Cope and Reichert also scouted properties for friends. That's how they found the house that sold for $100, a price newcomers Wagner and Brumit found irresistible.

Reichert e-mailed a photo of the house with a large "$100" label. "I said, 'OK, this is it,'" Brumit said. "Let's do it."

By most standards, the interior of the house is appalling. Neighbors said it had been vacant for a couple of years after its residents had abandoned it. Attempts to sell it failed, and it was taken off the market.

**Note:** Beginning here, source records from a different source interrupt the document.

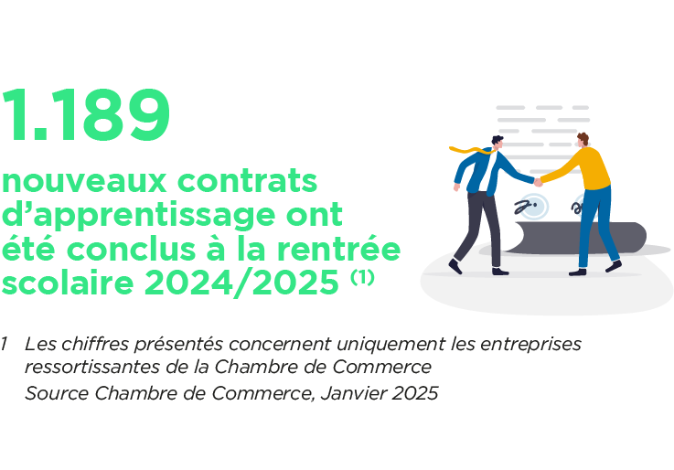 En collaboration avec les autres acteurs de la formation professionnelle initiale, la Chambre de Commerce participe à l’élaboration des programmes de formation professionnelle ainsi qu’à l’organisation de l’apprentissage. Elle gère chaque année près de 2.000 contrats d’apprentissage dans différentes professions des secteurs du commerce, de l’industrie, de l’hôtellerie et de la restauration, des services et du domaine socio-éducatif.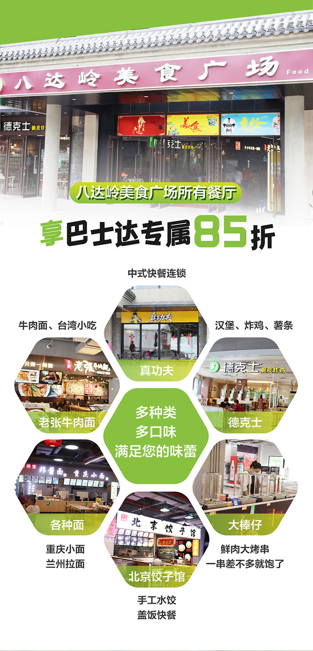 6) 巴士达客户专属折扣,八达岭美食城所有餐厅85折钜惠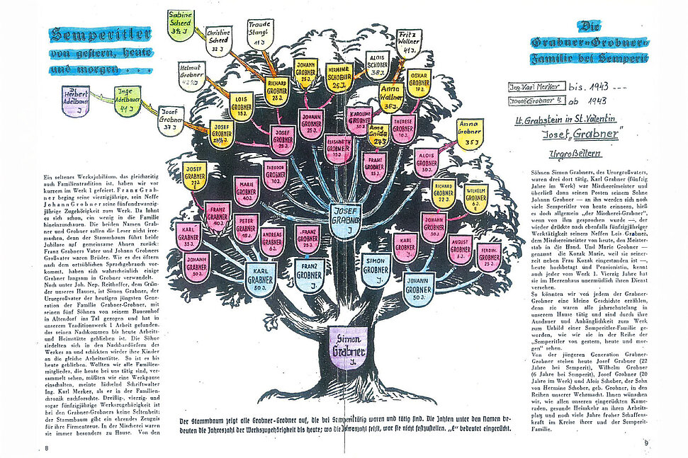 „Ehrlich gesagt wurde mir das in die Wiege gelegt“, sagt Herbert Adelbauer auf die Frage warum es ihn ebenso wie seinen Onkel zu Semperit gezogen hat. Betrachtet man den Familienstammbaum von Herbert Adelbauer in einer alten Semperit-Zeitung (siehe Abbildung) wird das überdeutlich. Dort heißt es: „Noch unter Johann Nepomuk Reithoffer ist Simon Grabner, der Ururgroßvater der heutigen jüngsten Generation der Familie Grabner-Grobner, mit seinen fünf Söhnen von seinem Bauernhof in Altendorf ins Tal gezogen und hat in unserem Traditionswerk 1 Arbeit gefunden, das seinen Nachkommen bis heute Arbeits- und Heimstätte geblieben ist. Die Söhne siedelten sich in den Nachbardörfern des Werkes an und schickten wieder ihre Kinder an die gleiche Arbeitsstätte. Sie sind durch ihre Ausdauer und Anhänglichkeit zum Werk zum Urbild einer Semperitler-Familie geworden.“ Und so ist es bis heute geblieben.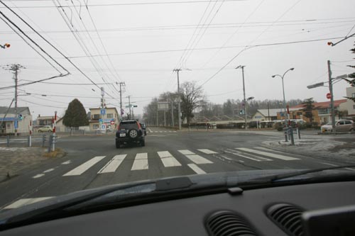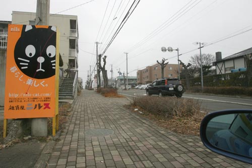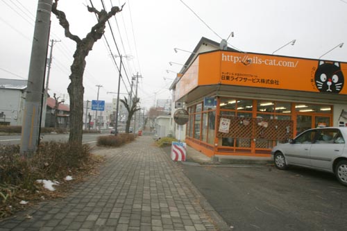 雑貨屋ニルスの駐車場から北4条通りの仁頃通り交差点方向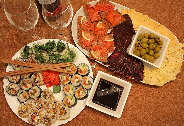 - "Фрай" ролл с лососем (лосось, сыр, авокадо, икра "Тобико", соус "Лос-Анджелес").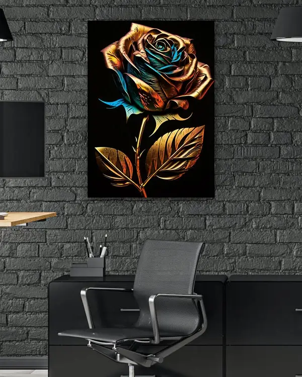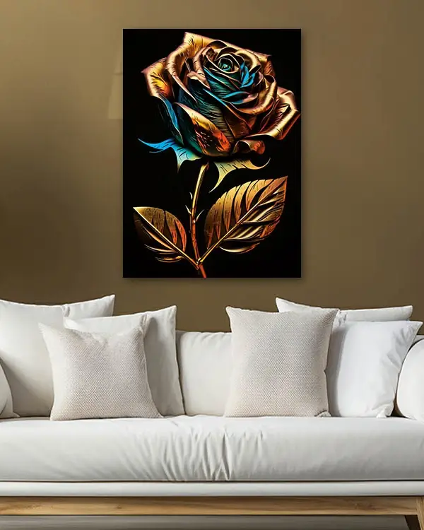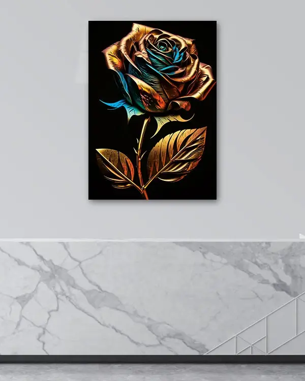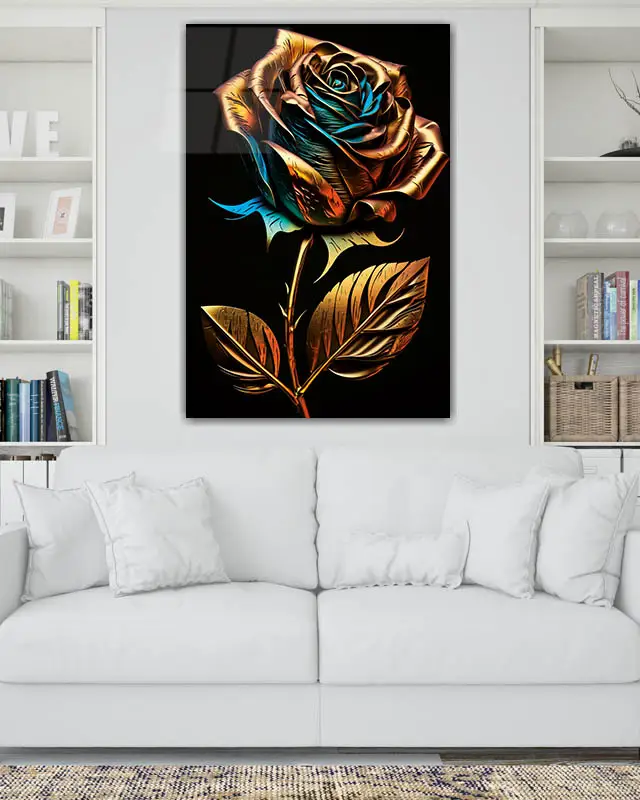 Altın ve Turkuaz Dokulu Gül Temperli Cam Tablo

A fire had been set in a corner of the front room, causing widespread smoke damage throughout the lower floor of the house, which has about 1,500 square feet of space. The walls were blackened. The wiring was stripped. Firefighters had knocked a hole in the roof.

But Wagner and Brumit say the shell of the home is structurally sound, and they plan to create studio space in the front of the house by knocking down one of the peeling, smoke-damaged walls.

They see the house as a kind of blank canvas on which they can create workspaces and a home. They cannot afford to hire others to do the work, and plan to do most of the labor themselves.

If they succeed, they'll have a home that is debt-free and rent-free, with property taxes amounting to around $1,000 a year.

"This house was worth $70,000 two years ago," Wagner said, shaking her head. "I mean, this is both wonderful and incredibly sad, all at the same time."

"This is what we have to work with," Brumit said, "to try to build something new."

Brumit, who has performed and recorded as a musician and producer, also plans to produce a radio project in the neighborhood this summer.

Building a Better Future

Toby Barlow, a Detroit novelist ("Sharp Teeth") and advertising executive who knows Cope and Reichert, said they and their friends are pioneers.

"It's not going to be a place for the Ozzie and Harriets to come resettle," Barlow said. "It's going to be a great place for people who want to try something different. ... I don't think anybody is looking to this city as a place for solutions; and what's interesting about that is that because of the neglect, solutions are actually popping up."

"In my perspective, that's the American dream," Cope said. "Following your heart and going for it, building something that you think is going to create something for the future."